*RECORD SET*.
· · · ·

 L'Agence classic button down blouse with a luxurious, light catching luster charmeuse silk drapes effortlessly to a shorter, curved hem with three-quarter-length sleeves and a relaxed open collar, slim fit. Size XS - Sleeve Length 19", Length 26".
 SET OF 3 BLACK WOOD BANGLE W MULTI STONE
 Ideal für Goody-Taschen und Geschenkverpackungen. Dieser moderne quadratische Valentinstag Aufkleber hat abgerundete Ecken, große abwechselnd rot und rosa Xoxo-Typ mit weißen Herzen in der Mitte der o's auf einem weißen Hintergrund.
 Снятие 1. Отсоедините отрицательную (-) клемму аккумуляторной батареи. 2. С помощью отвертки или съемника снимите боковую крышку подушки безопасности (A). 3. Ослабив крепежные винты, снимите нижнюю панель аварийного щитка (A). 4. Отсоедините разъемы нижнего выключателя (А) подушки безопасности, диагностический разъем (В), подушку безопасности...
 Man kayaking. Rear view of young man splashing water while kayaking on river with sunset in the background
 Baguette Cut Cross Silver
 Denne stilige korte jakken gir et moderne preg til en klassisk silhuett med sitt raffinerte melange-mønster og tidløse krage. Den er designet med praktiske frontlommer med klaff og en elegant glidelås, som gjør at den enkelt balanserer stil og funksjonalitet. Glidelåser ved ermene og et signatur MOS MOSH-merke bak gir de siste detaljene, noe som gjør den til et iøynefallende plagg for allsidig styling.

· · · ·

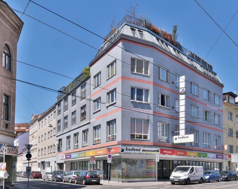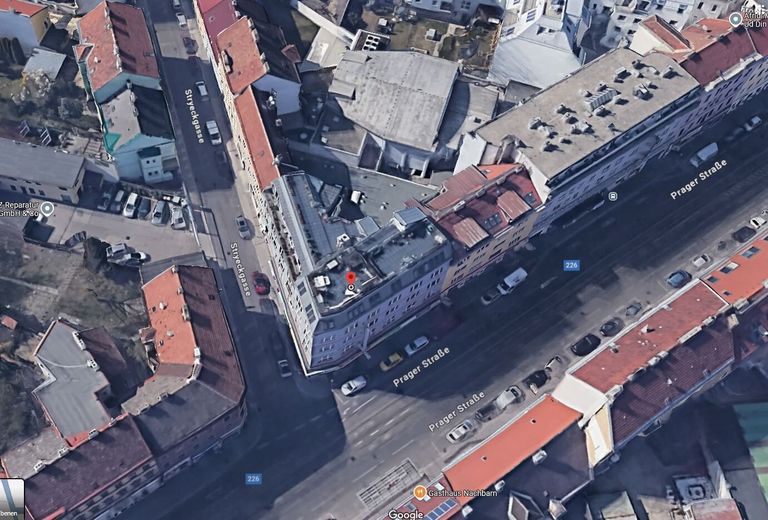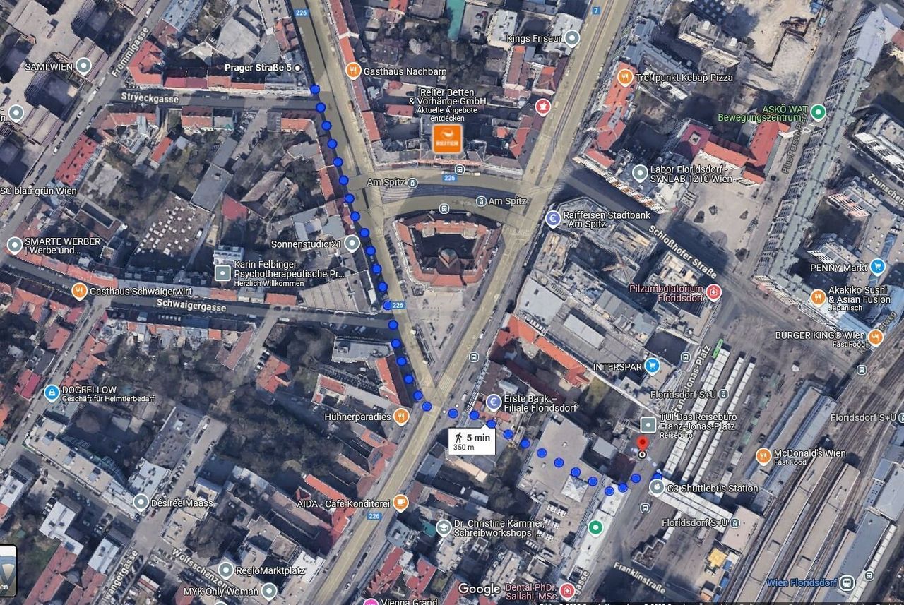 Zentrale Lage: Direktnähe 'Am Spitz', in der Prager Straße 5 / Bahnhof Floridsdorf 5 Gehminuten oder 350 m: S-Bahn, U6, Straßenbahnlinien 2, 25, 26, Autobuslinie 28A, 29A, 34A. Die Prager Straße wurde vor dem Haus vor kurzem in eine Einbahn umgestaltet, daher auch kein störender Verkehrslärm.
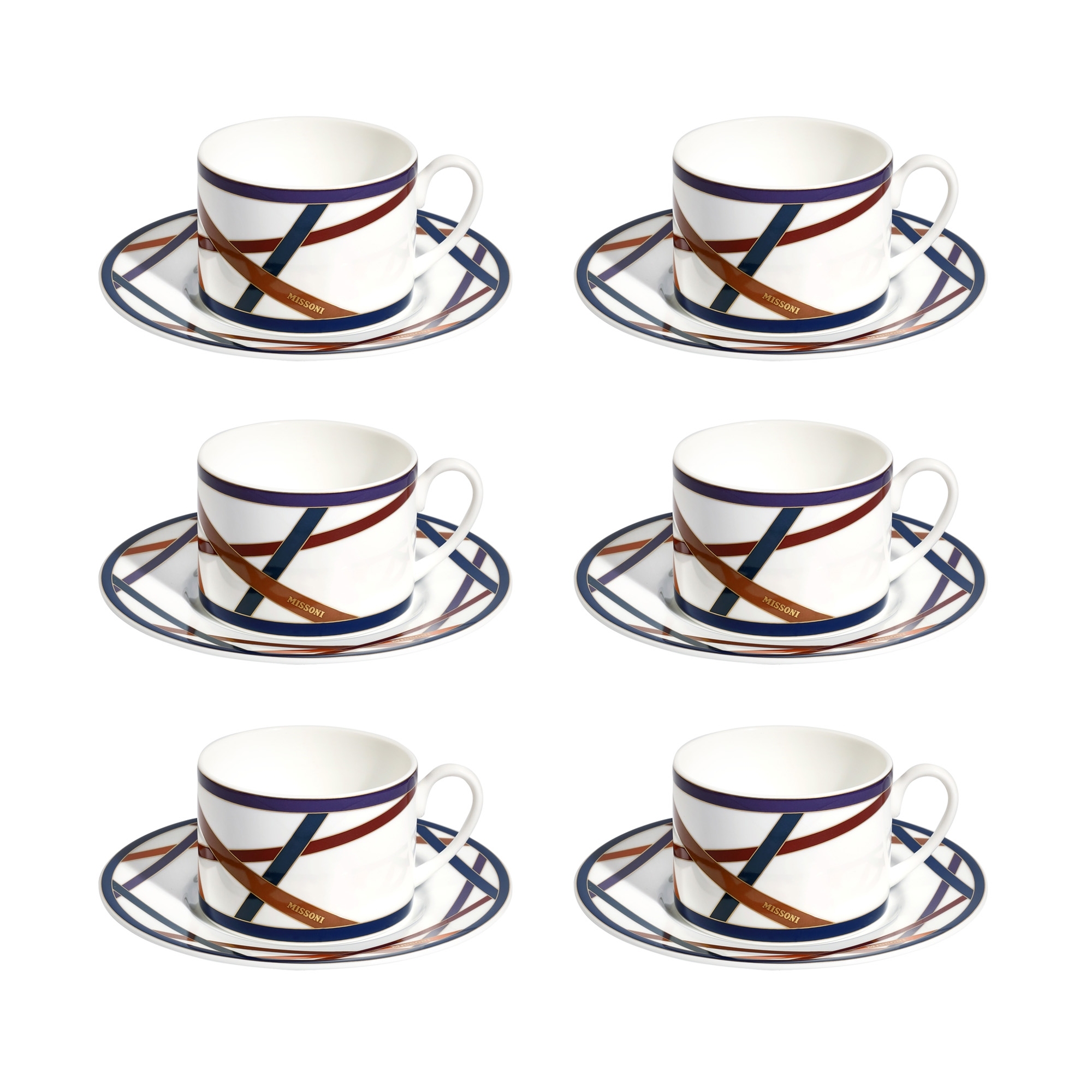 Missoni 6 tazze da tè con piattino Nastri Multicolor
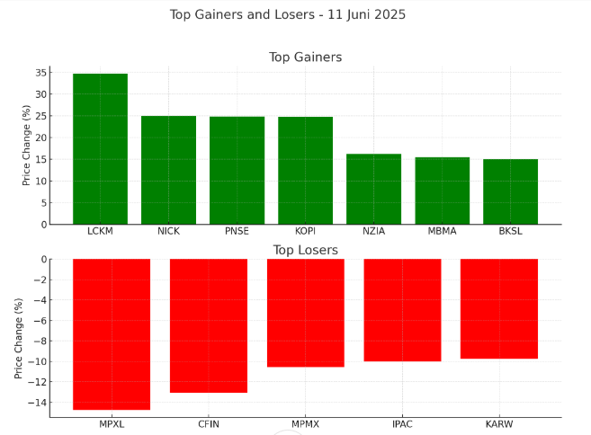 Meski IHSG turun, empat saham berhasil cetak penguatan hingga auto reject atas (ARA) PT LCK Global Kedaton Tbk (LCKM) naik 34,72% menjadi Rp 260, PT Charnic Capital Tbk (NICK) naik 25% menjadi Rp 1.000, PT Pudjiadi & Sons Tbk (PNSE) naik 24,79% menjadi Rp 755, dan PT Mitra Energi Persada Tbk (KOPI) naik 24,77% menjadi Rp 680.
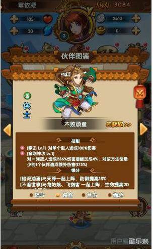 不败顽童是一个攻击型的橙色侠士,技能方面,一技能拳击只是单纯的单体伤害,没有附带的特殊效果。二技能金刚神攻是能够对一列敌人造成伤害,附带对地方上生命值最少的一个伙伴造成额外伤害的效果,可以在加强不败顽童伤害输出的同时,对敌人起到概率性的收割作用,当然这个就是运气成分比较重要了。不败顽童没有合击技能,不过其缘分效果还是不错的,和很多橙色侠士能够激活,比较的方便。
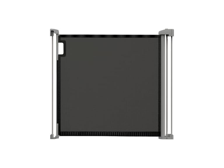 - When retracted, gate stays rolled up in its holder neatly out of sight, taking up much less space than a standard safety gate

· · · ·

*GOAL OF THE EXERCISE*. Would you retype exactly the lines above, from the line with "Снятие 1. Отсоедините" to the line with "Denne stilige korte", with both end lines kept and nothing more?

*EXERCISE RESULT*.
 Снятие 1. Отсоедините отрицательную (-) клемму аккумуляторной батареи. 2. С помощью отвертки или съемника снимите боковую крышку подушки безопасности (A). 3. Ослабив крепежные винты, снимите нижнюю панель аварийного щитка (A). 4. Отсоедините разъемы нижнего выключателя (А) подушки безопасности, диагностический разъем (В), подушку безопасности...
 Man kayaking. Rear view of young man splashing water while kayaking on river with sunset in the background
 Baguette Cut Cross Silver
 Denne stilige korte jakken gir et moderne preg til en klassisk silhuett med sitt raffinerte melange-mønster og tidløse krage. Den er designet med praktiske frontlommer med klaff og en elegant glidelås, som gjør at den enkelt balanserer stil og funksjonalitet. Glidelåser ved ermene og et signatur MOS MOSH-merke bak gir de siste detaljene, noe som gjør den til et iøynefallende plagg for allsidig styling.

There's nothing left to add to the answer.